Himpunan Ahli Teknik Hidraulik Indonesia (HATHI) Cabang Kalimantan Barat menggelar Seminar Nasional HATHI 2026 bertajuk "Water Futures; Hydraulics for Sustainable Borneo: Membangun Masa Depan Kalimantan Barat melalui Ilmu Teknik Hidraulik dari Desalinasi Air Laut, Pengelolaan Banjir, Air Baku, hingga Irigasi dan Ketahanan Pangan" di Gedung Konferensi Universitas Tanjungpura, Pontianak, Sabtu (4/7). Seminar yang diselenggarakan secara hybrid, baik luring maupun daring, ini menjadi wadah diskusi mengenai implementasi ilmu teknik hidraulik dalam mendukung pembangunan infrastruktur sumber daya air di Kalimantan Barat.
Kegiatan ini diikuti oleh unsur pemerintah, akademisi, praktisi, civitas akademika, dan mahasiswa yang bersama-sama bertukar gagasan mengenai tantangan dan peluang pengelolaan sumber daya air. Melalui seminar ini, HATHI mendorong kolaborasi lintas sektor untuk menghasilkan inovasi dan solusi yang mampu menjawab berbagai isu strategis di bidang sumber daya air.

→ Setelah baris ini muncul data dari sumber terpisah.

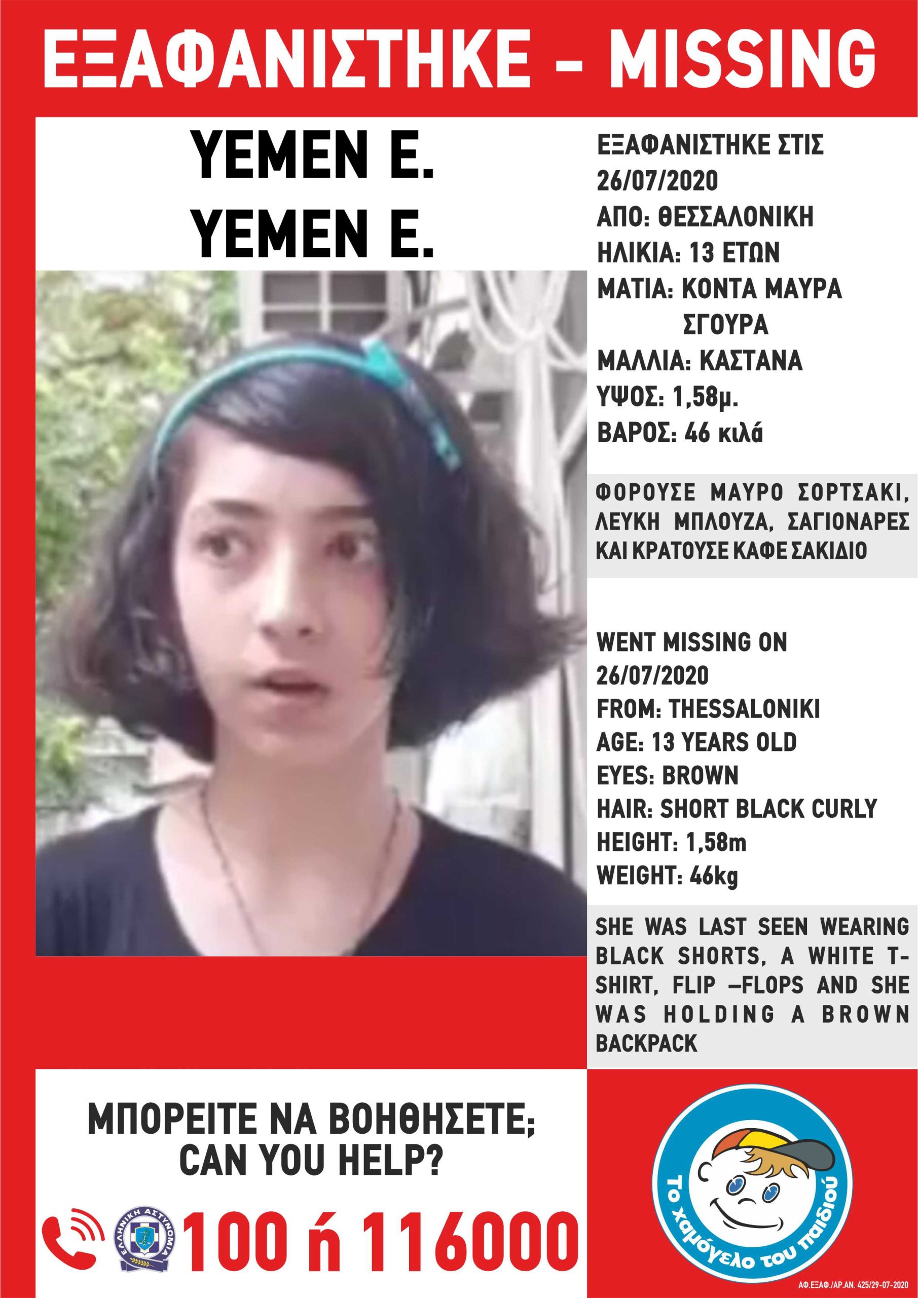 Όπως αναφέρεται, στη σχετική ανακοίνωση: «Στις 26/07/2020, στις 14:00, εξαφανίστηκε από το σπίτι της στην περιοχή της Θεσσαλονίκης, η Υεμέν Ε., 13 ετών. Το “Χαμόγελο του Παιδιού” ενημερώθηκε για την εξαφάνιση της Υεμέν Ε. σήμερα, 29/07/2020, και προχώρησε άμεσα στη δημοσιοποίηση των στοιχείων της.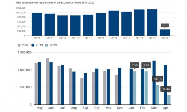 La venta de coches se ha desplomado un 76,3% en la Unión Europea en abril por el coronavirus, situándose en un mínimo histórico de 270.682 unidades, según los datos de la Asociación Europea de Fabricantes de Automóviles (ACEA). Y la pandemia ha provocado una pérdida de producción de 2,17 millones de vehículos hasta el momento debido a la parada de las fábricas.

Sesi pertama menghadirkan Kepala Balai Wilayah Sungai Kalimantan I, M. Tahid, yang memaparkan materi mengenai pengelolaan irigasi di Kalimantan Barat dalam mendukung swasembada pangan. Kegiatan dilanjutkan dengan sesi talkshow bersama Dr. Eng. Ir. Meddy Danial, S.T., M.T., IPM dan Ir. Arfena Deah Lestari, S.T., M.Eng. yang membahas desalinasi air laut dan rumah garam sebagai salah satu alternatif pemenuhan kebutuhan air dan pengembangan potensi wilayah pesisir. Sesi ini dipandu oleh Ir. Eko Yulianto, S.T., M.T., PMu-SDA.
Sesi kedua menghadirkan Prof. Dr. Hj. Henny Herawati, S.T., M.T., IPM yang membahas upaya menjaga Daerah Aliran Sungai (DAS) Kapuas melalui pengendalian tata guna lahan wilayah hulu, serta Dr. Jane Elisabeth Wuysang, M.T. yang mengangkat isu degradasi kualitas air baku dan air tanah akibat perubahan tata guna lahan. Diskusi dipandu oleh Ir. Sumi Harnita, S.T., M.T. Seminar juga diisi dengan sesi diskusi interaktif yang memberikan kesempatan kepada peserta, baik secara luring maupun daring, untuk mengajukan pertanyaan dan berdiskusi langsung dengan para narasumber mengenai berbagai tantangan pengelolaan sumber daya air.
Melalui Seminar Nasional HATHI 2026, diharapkan terjalin sinergi yang semakin kuat antara pemerintah, akademisi, praktisi, dan generasi muda dalam mengembangkan ilmu teknik hidraulik sebagai fondasi pembangunan infrastruktur sumber daya air yang tangguh dan berkelanjutan. Berbagai gagasan yang lahir dari forum ini diharapkan dapat menjadi kontribusi nyata bagi pengelolaan sumber daya air serta pembangunan Kalimantan Barat di masa depan.